I am doing model distillation with mixed-precision training. But my code gives me some strange results: the results seem very different from training without distillation even if the distillation weight is set to zero. I wonder if I did something wrong in my use of mixed-precision training. The code is as follows

with torch.cuda.amp.autocast(enabled=True):
    outputs_student = model_student(inputs, targets)
    with torch.no_grad():
        outputs_teacher = model_teacher(inputs, targets)
    loss_distillation = distill_loss(outputs_student, outputs_teacher)
    loss_student = some_loss(outputs_student)    
    loss = loss_student + weight*loss_distillation 
optimizer.zero_grad()
scaler.scale(loss).backward()
scaler.step(self.optimizer)
scaler.update()

where scaler = torch.cuda.amp.GradScaler(enabled=True). As mentioned above, I tried to set weight to 0, but the result was still very different from training using loss_student only. Is there anything wrong in my use of mixed-precision training?

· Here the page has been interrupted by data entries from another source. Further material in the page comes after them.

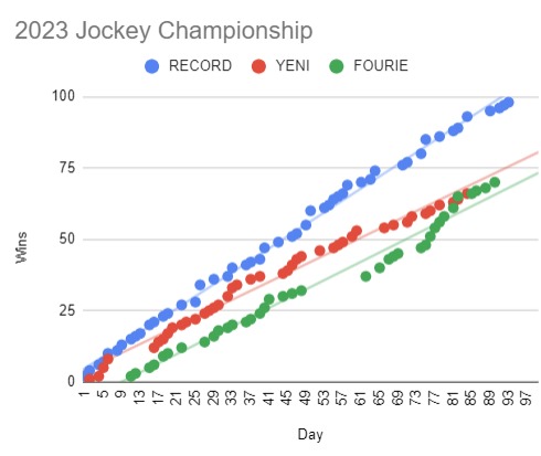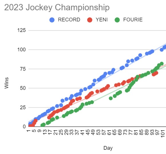 I am hoping Muzi wins the Jockey title but not going to happen if Fourie sticks to this level of results
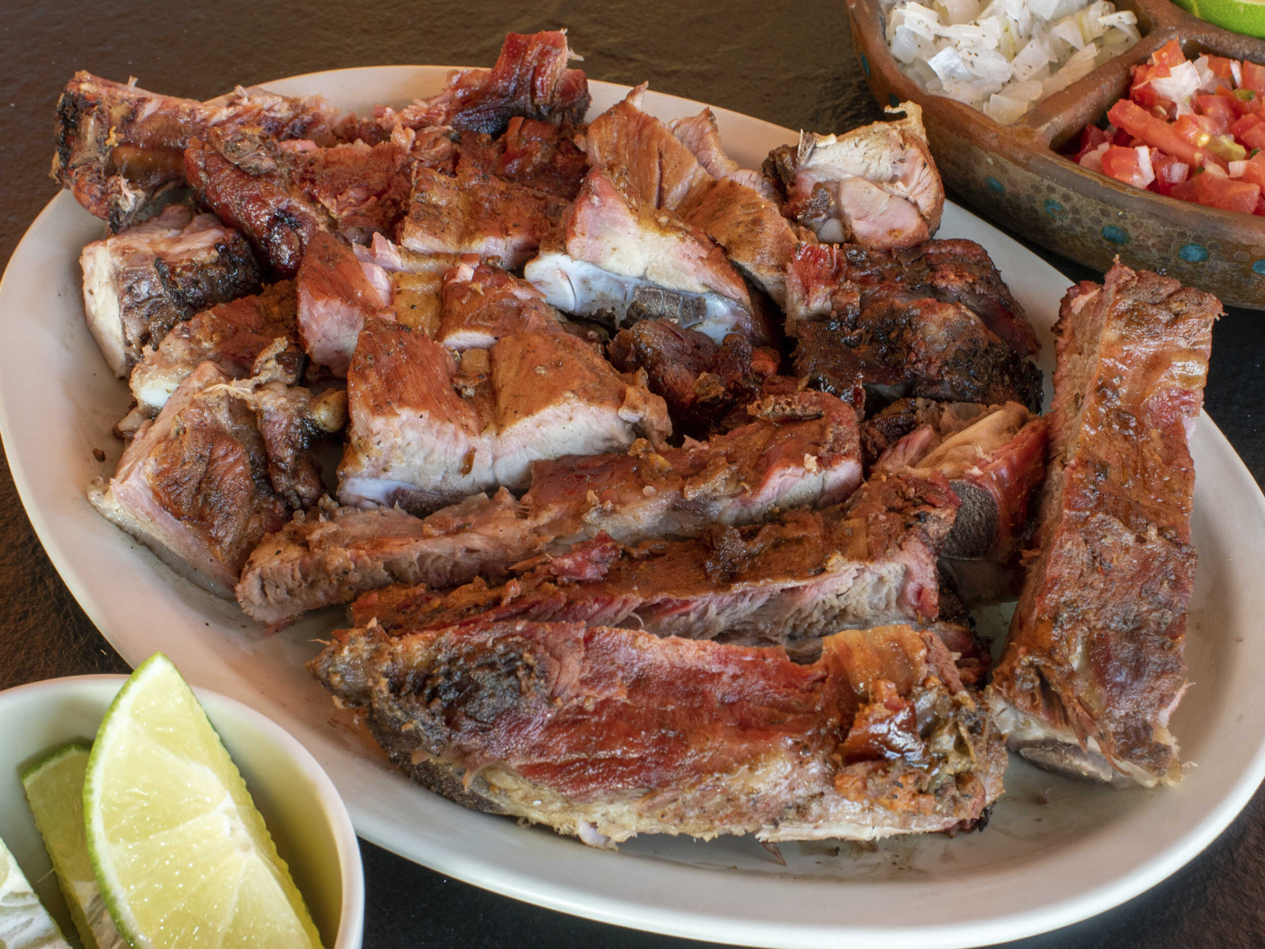 1/4 DE COSTILLA, ESPAGUETTI O FRIJOLES, 1 REFRESCO (355ML), TORTILLAS Y SALSAS.
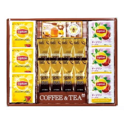 ネスカフェゴールドブレンド(カフェラテ・カフェラテ(コク深め))(各7)×各4、リプトンティーバッグ(イエローラベル・ダージリン)(各2g)×3、純粋はちみつ(15g)×2
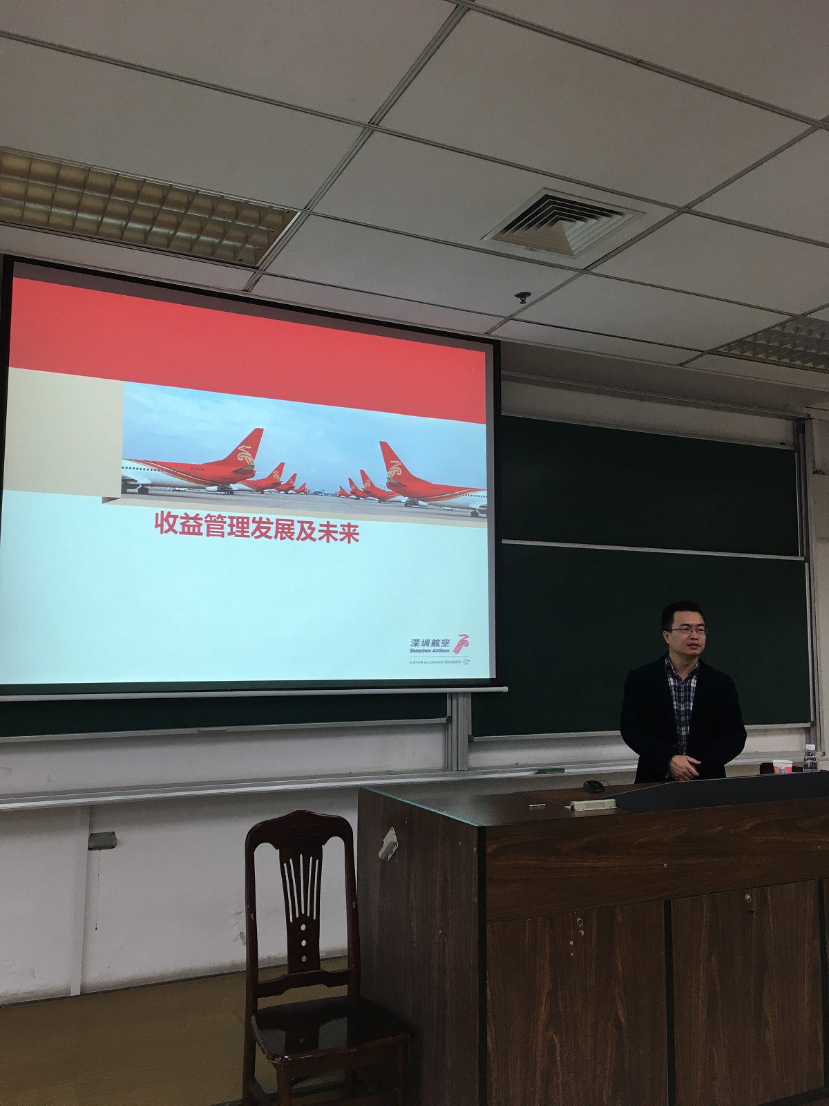 2016年11月19日上午9:00,深圳航空公司收益管理专家董裴君在将军路校区1号楼10205教室应种子搜索 交通运输系邀请为种子搜索 师生作了题为“收益管理发展与未来”的专题报告。董裴君是美国PROS软件使用专家,深圳航空公司咨询和培训讲师。2007年毕业于种子搜索 ,毕业后一直在深圳航空公司营销委工作,专注于航线收益管理工作9年,在航空公司运价管理、市场渠道、IT系统均有经历。
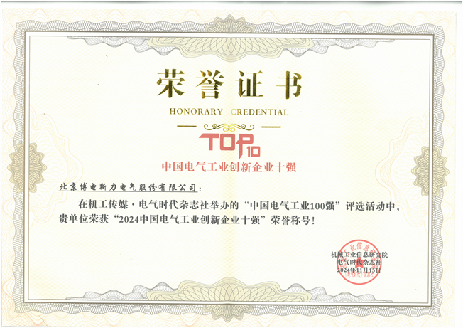11月15日,由機(jī)械工業(yè)信息研究院主辦,中國機(jī)械工業(yè)聯(lián)合會、工信部智庫聯(lián)盟為指導(dǎo)單位的第20屆中國電氣工業(yè)發(fā)展論壇暨“第24屆中國電氣工業(yè)100強(qiáng)研究”發(fā)布會在北京成功舉辦。作為國內(nèi)電力檢測、監(jiān)測、試驗(yàn)領(lǐng)域的優(yōu)秀企業(yè),博電科技憑借研發(fā)實(shí)力、創(chuàng)新產(chǎn)品等綜合優(yōu)勢,斬獲“2024中國電氣工業(yè)創(chuàng)新企業(yè)TOP10”獎項(xiàng)。本次論壇緊抓熱點(diǎn),以“創(chuàng)新破局·贏領(lǐng)‘新’賽道”為主題,深刻解讀“數(shù)字化轉(zhuǎn)型”和“低碳化轉(zhuǎn)型”給電氣產(chǎn)業(yè)帶來的積極影響和實(shí)踐思考,探討解決方案和產(chǎn)品創(chuàng)新、先進(jìn)技術(shù)應(yīng)用落地,推動電氣產(chǎn)業(yè)從高速發(fā)展向高質(zhì)量、可持續(xù)發(fā)展的轉(zhuǎn)型升級。來自政府、企業(yè)、高校及研究機(jī)構(gòu)等將近500人共聚一堂,共饗電氣領(lǐng)域行業(yè)盛宴。
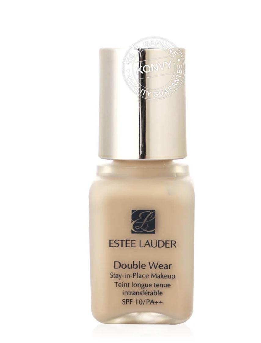 Apply Estee Lauder Double Wear Stay-In-Place Makeup SPF 10/PA++ to your face. Using your fingers, a sponge, or a makeup brush, blend the foundation into your skin for a smooth, even finish.
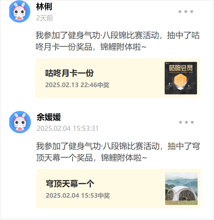 為了讓本次運(yùn)動(dòng)會(huì)更加生動(dòng)有趣,咕咚精心準(zhǔn)備了豐富的抽獎(jiǎng)環(huán)節(jié),獎(jiǎng)品涵蓋時(shí)下熱門的穹頂天幕、科技賦能的智能健身鏡、咕咚會(huì)員月卡等豪華大禮,旨在獎(jiǎng)勵(lì)每一位積極參與、勇于挑戰(zhàn)自我的健身愛(ài)好者。隨著抽獎(jiǎng)結(jié)果的揭曉,幸運(yùn)兒們紛紛曬出自己的中獎(jiǎng)截圖!
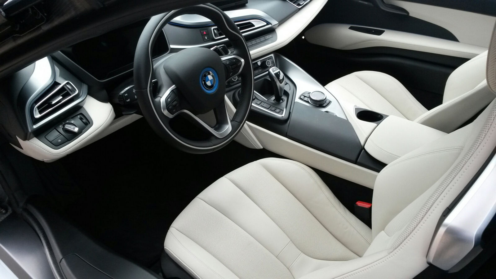 La interior, BMW a ales să nu joace aceeaşi carte super-eco din i3, aşa că avem totuşi materiale de foarte bună calitate, de la pielea de pe scaune, la plasticele moi şi arătoase din restul habitaclului. Evident, vorbim de un supercar 2+2, aşa că locurile din spate vor fi dedicate mai degrabă bagajelor, pentru că portbagajul este minuscul şi nu încape în el decât o geantă de voiaj şi încărcătorul electric al maşinii.
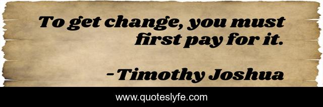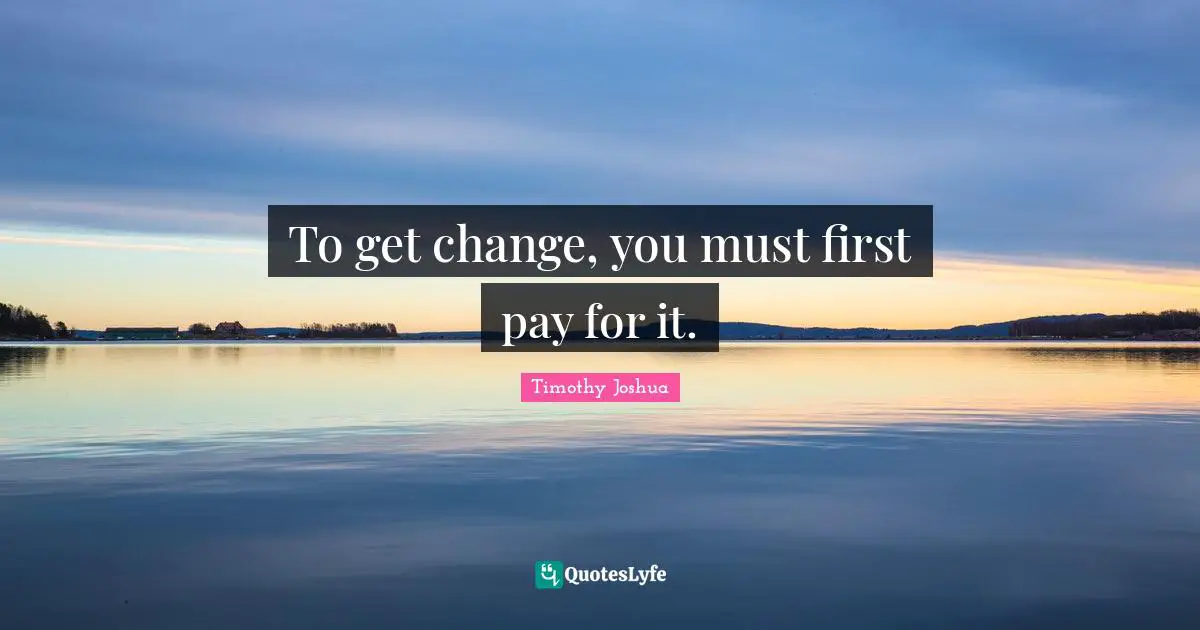"Timothy Joshua Quotes." Quoteslyfe.com, 2025. Thu. 25 Dec. 2025. <https://www.quoteslyfe.com/quote/To-get-change-you-must-first-pay-90346>.
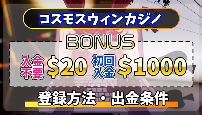 コスモスウィンカジノ(コスモスwin)の入金不要ボーナスの貰い方を解説します。当サイトから新規登録で、20ドルの入金不要ボーナスが受け取れます。当サイト限定の特別プロモーションなのでぜひご活用ください。
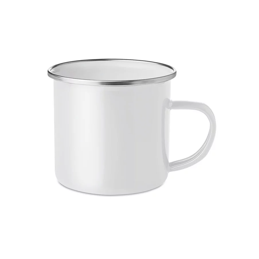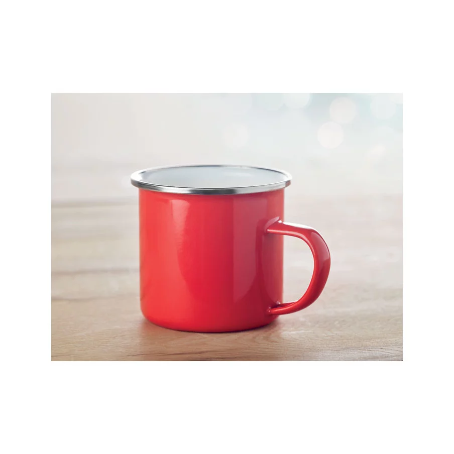 Découvrez un modèle vintage et original avec notre magnifique mug publicitaire en acier avec couche d'émail. Personnalisée à votre image diffusez votre message, texte ou marque auprès de vos clients.

pepper8362 · October 8, 2023, 3:56am

Just a follow-up. I find the gradient of some layer weights is nan after scaler.scale(loss).backward(), although the weights look find after scaler.step(self.optimizer). This seems only happen for mixed precision training. Is this normal?

ptrblck · October 8, 2023, 3:01pm

Yes, since invalid gradients can be created by the scaler, which will trigger the optimizer to skip this parameter update as described in the docs.

pepper8362 · October 9, 2023, 7:31am

Thanks for your reply. Just another question relevant to this one. In the code below:

outputs_student = model_student(inputs, targets)
with torch.no_grad():
    outputs_teacher = model_teacher(inputs, targets)
loss_distillation = distill_loss(outputs_student, outputs_teacher)

model_student is actually wrapped by torch.nn.parallel.DistributedDataParallel for multi-GPU training. Given that the teacher model is in eval mode and does not require gradient during training, is it ok to not wrap model_teacher with DDP?

ptrblck · October 9, 2023, 1:03pm

Yes, I believe this should be fine since you are computing a static target with it used to compute the loss. DDP won’t need to synchronize any data.